Cultura

Andanças literárias

Nelson Gonçalves
| Tempo de leitura: 2 min

Imagine andar pela terra da garoa explorando a relação entre construções e praças, cada endereço, a partir de versos literários? É o que o jornalista especialista no gênero, João Correia Filho, convida no livro “São Paulo, literalmente”, a terceira obra de sua autoria pela Editora Leya que faz uma conexão entre lugares e literatura.

 

O autor, natural de Leme mas que mora atualmente em Bauru, já publicou “Lisboa em Pessoa” e “À luz de Paris”, ambos guias turísticos literários onde a premissa é degustar os ambientes sempre com as vertentes históricas e construtivas, mas sem deixar de saborear a literatura presente em cada um desses locais. A experiência deu tão certo em terras portuguesas e parisienses, que Correia nos oferece mais um roteiro, agora na Capital paulista.

 

São 11 itinerários, divididos por região, cada qual apresentados pelos principais nomes da literatura brasileira. Por razões naturais, os roteiros traçam linhas e versos em torno da influência e significado do movimento modernista em São Paulo, a partir de autores como Mário de Andrade, Oswald de Andrade e Guilherme de Almeida.

 

Por sinal, no livro em fase de lançamento, o jornalista faz o recorte histórico e literário de cada canto escolhido.

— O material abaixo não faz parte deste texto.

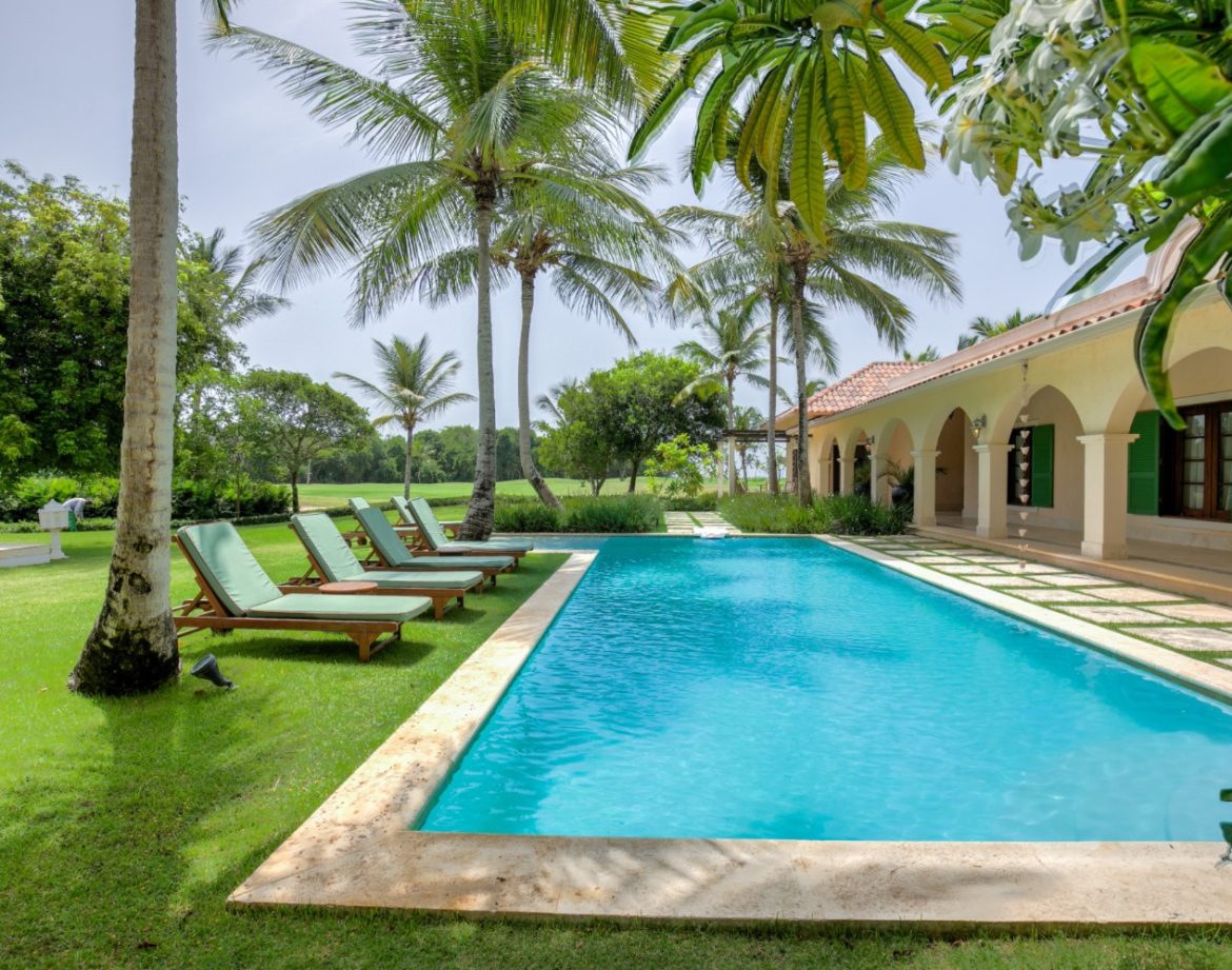 Nestled among mature palms in the peaceful Arrecife enclave, the villa’s only background noise is that of birds and leaves rather than nearby residents. Walking barefoot on the covered terrace in the morning as the pool comes to life, you drift between the lounger and the water by midday, stopping for a long, leisurely lunch under deep shade. In the evening, the lawns are illuminated, the garden is warmed by the aroma of the grill, and the sky turns indigo over a scene that is completely private. It’s a unique address among Punta Cana villas that can serve as a destination unto itself—a home that moves at your speed and conceals the inconveniences of travel.

Neste caso, natural a conexão com o Modernismo, movimento artístico que nasceu em São Paulo no início do século XX e refletiu as transformações que levaram a cidade a se tornar uma grande metrópole.

 

“O livro traz, naturalmente, uma São Paulo com a ideia do antropofágico presente no movimento modernista, uma cidade em que o dinamismo a refaz todos os dias, ao contrário de Lisboa, marcada por colinas, e de Paris, onde andar a esmo pelas praças faz tanto sentido”, menciona.

 

Sem qualquer comparação, mas para recuperar as três obras lançadas, em Lisboa os mirantes convidam a compreender como as colinas inspiraram o poeta Fernando Pessoa; em Paris, os cafés espalhados próximos de praças deram mais charme aos escritos de Vitor Hugo e Charles Boudelaire; e, claro, em São Paulo, a cidade pulsante tem relação direta com a efervescência dos modernistas.

 

Passeio

 

O passeio literário turístico por São Paulo se inicia pelo núcleo original da cidade, conhecido como Triângulo Histórico, onde foi fundada a Vila de Piratininga, em 1554. Depois o convite vai para o centro expandido, que inclui bairros como República, Bixiga, Liberdade e Luz. 

 

O livro continua seu “percurso” pela Avenida Paulista e de lá para Consolação e Higienópolis. A partir daí, segue para as demais áreas da cidade – Zona Leste (Brás e Belém), Zona Sul, que tem dois itinerários (Vila Mariana e Ibirapuera), Zona Oeste (que inclui os bairros de Pinheiros, Vila Madalena, Perdizes, Pompeia, Lapa e Barra Funda) e Zona Norte (com destaque para o Pico do Jaraguá). 

 

Os itinerários, conta o autor, foram divididos de acordo com o universo literário a que pertencem, pela proximidade geográfica e histórica e pelas facilidades de locomoção entre eles. “Para auxiliar o leitor com a localização, há um mapa no que mostra onde está cada itinerário”, informa a editora.